As far as the actual writing process, I made a long list of all the clues I knew in advance, and I thought about how I could work them into the story at intervals so there would be clues all throughout. I also built in things that seemed like fake clues to heighten the suspense and to make the puzzle more exciting. Finally, as I was writing, at any point where I felt like the story was slowing down too much, I would ask myself, “What is something really unexpected or surprising that could happen to my character next?” — and that approach provided some additional clues.
I also worked to think of metaphors and setting details that would add a spooky atmosphere to the whole story, and I tried to put my character into situations that seemed dangerous. After all, another big part of mysteries is that they’re more fun if they’re kind of scary!
Do you read mysteries? How old were you when you began reading them? Can you remember some of the first mysteries you read?
I love mysteries! They’re still some of my absolute favorite books, and they’re some of the first books I remember reading. When I was in elementary school, I was lucky enough to be given a huge box full of books that had belonged to either my mom or my older girl cousins when they were younger. The box held a lot of mystery series, some of them pretty old-fashioned but still wonderful. The different series included Judy Bolton, Trixie Belden, Nancy Drew, and the Three Investigators. And some of the first “grown-up” books I ever read were Agatha Christie mysteries and suspense stories by Mary Stewart. As a kid, I loved mystery stories so much that I made up my own mysteries and forced my brother and friends to “play” Three Investigators in our basement—we even wrote secret messages in invisible ink (lemon juice) and then decoded them by holding them over the toaster.
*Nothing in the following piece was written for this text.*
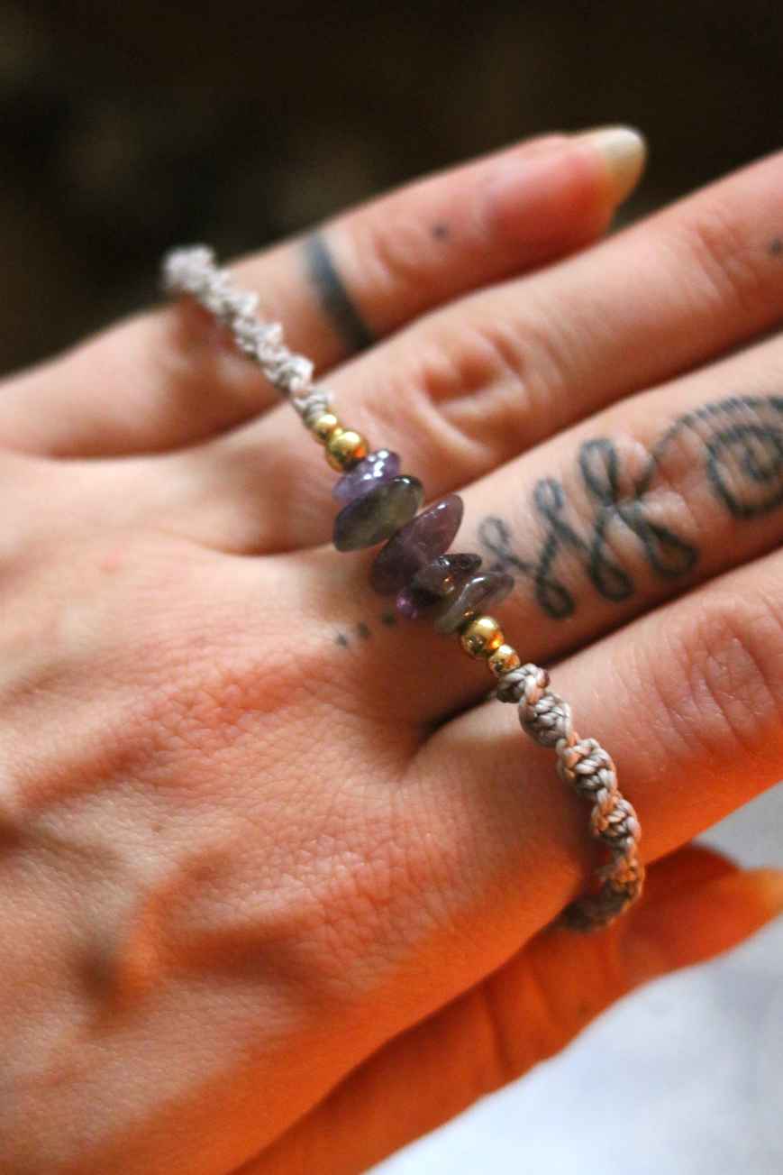 Käsin solmittu vaalean beige makramee-rannekoru, jota koristavat kauniit ametistisirut ja pienet kullanhohtoiset messinkihelmet. Ametisti tunnetaan rauhoittavana ja henkistä selkeyttä vahvistavana kivenä – se tuo mukanaan lempeää tasapainoa ja sisäistä harmoniaa. HUOM! Voit valita tuotteelle joko noudon kivijalkaliikkeestä (Kirkkokatu 2, Vihreä Huone, Oulu) tai postituksen kotimaahan. Jos valitset postituksen, lisää ostoskoriin Toimitukset kategoriasta "pieni toimitus kotimaa XXS". Ostat siis 2 tuotetta: sekä korun että postituksen sille. Jos sinulle tulee kysyttävää, voit laittaa viestiä instagramissa @bypetrakatariina tai sähköpostia: bypetrakatariina@gmail.com

What is there about a mystery that you think appeals to kids?
It’s fun to get that little spine-tingly feeling that comes when something is a little bit scary, so that’s part of it. Many mysteries are action-packed and fast-moving (rarely boring), so that’s another part of it. But I think a big reason is that working to put together the puzzle of the story is kind of like a game—and if, as a reader, you manage to figure out the mystery before the story’s detective does, then you also feel pretty darn proud of yourself, and smart!
Can you share with us what you’re working on now? Is it another mystery? (We hope so.)
I’ve written several nonfiction books since Turn Left at the Cow was published, and now I’m wrestling with another mystery. My writing process is pretty slow when it comes to novels (and my life in the last few years has been really complicated)—plus I write a lot of my first draft in my head before any of it actually hits paper—so there isn’t a whole lot actually written down yet. But I can tell you that this story is set in the north woods of Minnesota, and like Turn Left the mystery has to do with a complicated family story and a lot of quirky small-town characters. Including Bigfoot, by the way—now there’s a mystery for you!
What an interesting, inspiring, and instructive interview, Lisa! Thanks for the good writing tips. I’m glad to hear there’s another mystery in the works!
Great interview, Lisa! Thanks so much for the peek into your process.
I love TURN LEFT AT THE COW, and I can’t wait to read your next mystery!